Click here to learn more about the offer.

You can find all the details here: http://aws.amazon.com/rds/free/

Here is what is available for SQL Server

_Micro DB Instance

630 MB memory, Up to 2 ECU (for short periodic bursts), 64-bit platform, Low I/O Capacity, Provisioned IOPS Optimized: No

Small DB Instance

1.7 GB memory, 1 ECU (1 virtual core with 1 ECU), 64-bit platform, Moderate I/O Capacity, Provisioned IOPS Optimized: No

Medium DB Instance

3.75 GB memory, 2 ECU (1 virtual core with 2 ECU), 64-bit platform, Moderate I/O Capacity, Provisioned IOPS Optimized: No

Large DB Instance

7.5 GB memory, 4 ECUs (2 virtual cores with 2 ECUs each), 64-bit platform, High I/O Capacity, Provisioned IOPS Optimized: 500Mbps

Extra Large DB Instance

15 GB of memory, 8 ECUs (4 virtual cores with 2 ECUs each), 64-bit platform, High I/O Capacity, Provisioned IOPS Optimized: 1000Mbps

High-Memory Extra Large DB Instance

17.1 GB memory, 6.5 ECU (2 virtual cores with 3.25 ECUs each), 64-bit platform, High I/O Capacity, Provisioned IOPS Optimized: No

High-Memory Double Extra Large DB Instance

34 GB of memory, 13 ECUs (4 virtual cores with 3,25 ECUs each), 64-bit platform, High I/O Capacity, Provisioned IOPS Optimized: No

High-Memory Quadruple Extra Large DB Instance

68 GB of memory, 26 ECUs (8 virtual cores with 3.25 ECUs each), 64-bit platform, High I/O Capacity, Provisioned IOPS Optimized: 1000Mbps

Once you have signed up and have been verified over the phone, you can create an instance. Create a database is very very easy. You start up a wizard, fill in some info and you are ready to go.

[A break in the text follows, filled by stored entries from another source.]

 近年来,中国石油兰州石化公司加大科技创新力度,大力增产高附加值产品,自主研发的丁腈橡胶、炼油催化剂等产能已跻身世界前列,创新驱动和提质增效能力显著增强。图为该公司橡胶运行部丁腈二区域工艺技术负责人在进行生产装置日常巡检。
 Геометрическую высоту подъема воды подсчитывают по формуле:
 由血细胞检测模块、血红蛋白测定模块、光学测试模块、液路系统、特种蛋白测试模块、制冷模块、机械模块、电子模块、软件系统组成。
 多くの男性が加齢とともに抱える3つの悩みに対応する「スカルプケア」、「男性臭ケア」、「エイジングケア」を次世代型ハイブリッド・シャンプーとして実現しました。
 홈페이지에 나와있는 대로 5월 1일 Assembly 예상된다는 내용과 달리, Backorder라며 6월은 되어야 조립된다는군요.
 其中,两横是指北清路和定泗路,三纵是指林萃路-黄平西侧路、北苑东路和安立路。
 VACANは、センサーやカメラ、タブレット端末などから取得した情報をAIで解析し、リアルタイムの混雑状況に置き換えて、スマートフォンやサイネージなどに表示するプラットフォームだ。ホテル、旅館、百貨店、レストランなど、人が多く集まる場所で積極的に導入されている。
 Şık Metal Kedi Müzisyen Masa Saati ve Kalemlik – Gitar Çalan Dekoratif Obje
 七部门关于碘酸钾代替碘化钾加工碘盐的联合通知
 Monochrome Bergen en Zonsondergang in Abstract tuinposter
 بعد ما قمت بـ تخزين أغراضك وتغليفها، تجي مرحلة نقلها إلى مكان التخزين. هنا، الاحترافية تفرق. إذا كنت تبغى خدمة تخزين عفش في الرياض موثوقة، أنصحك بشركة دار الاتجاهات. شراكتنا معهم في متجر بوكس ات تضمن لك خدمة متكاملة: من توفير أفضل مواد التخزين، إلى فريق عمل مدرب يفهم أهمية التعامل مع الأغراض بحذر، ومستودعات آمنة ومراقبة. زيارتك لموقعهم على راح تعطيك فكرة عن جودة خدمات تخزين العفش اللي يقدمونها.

Setting up an AWS RDS instance

Here is what the multi-step process looks like

First you need to select the database engine, you can choose from MySQL, Oracle and SQL Server. Pick the edition that you want

Give your database a name, specify storage, add a user and a password

Pick the port, the availiblity zone

Specify the backup and maintenance windows as well as the retention period

Now it is all ready

After this is all done, you will get a summary page where everything is displayed about your instance.

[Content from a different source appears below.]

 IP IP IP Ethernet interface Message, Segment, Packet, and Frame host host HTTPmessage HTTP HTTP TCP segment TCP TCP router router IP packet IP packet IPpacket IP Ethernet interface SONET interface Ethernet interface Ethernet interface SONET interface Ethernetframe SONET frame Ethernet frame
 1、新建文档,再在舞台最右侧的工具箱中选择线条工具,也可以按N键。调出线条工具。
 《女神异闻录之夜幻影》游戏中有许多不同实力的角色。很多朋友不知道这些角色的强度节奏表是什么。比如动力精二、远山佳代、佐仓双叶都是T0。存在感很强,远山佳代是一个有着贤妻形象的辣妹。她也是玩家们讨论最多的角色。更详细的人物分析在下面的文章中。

Next go to your db instance, it takes about 15 minutes before it is available. Click on the checkmark next to your instance and you will see something like this

Notice the endpoint and the port? Remember those, you will need those to connect to your SQL server instance.

Setting up DB Security Groups

Before trying to connect you have to give access

DB Security Groups

Each DB security group rule enables a specific source to access a DB instance that is a member of that DB security group. The source can be a range of addresses (e.g., 203.0.113.0/24), or an EC2 security group. When you specify an EC2 security group as the source, you allow incoming traffic from all EC2 instances that use that EC2 security group. Note that DB security group rules apply to inbound traffic only; outbound traffic is not currently permitted for DB instances.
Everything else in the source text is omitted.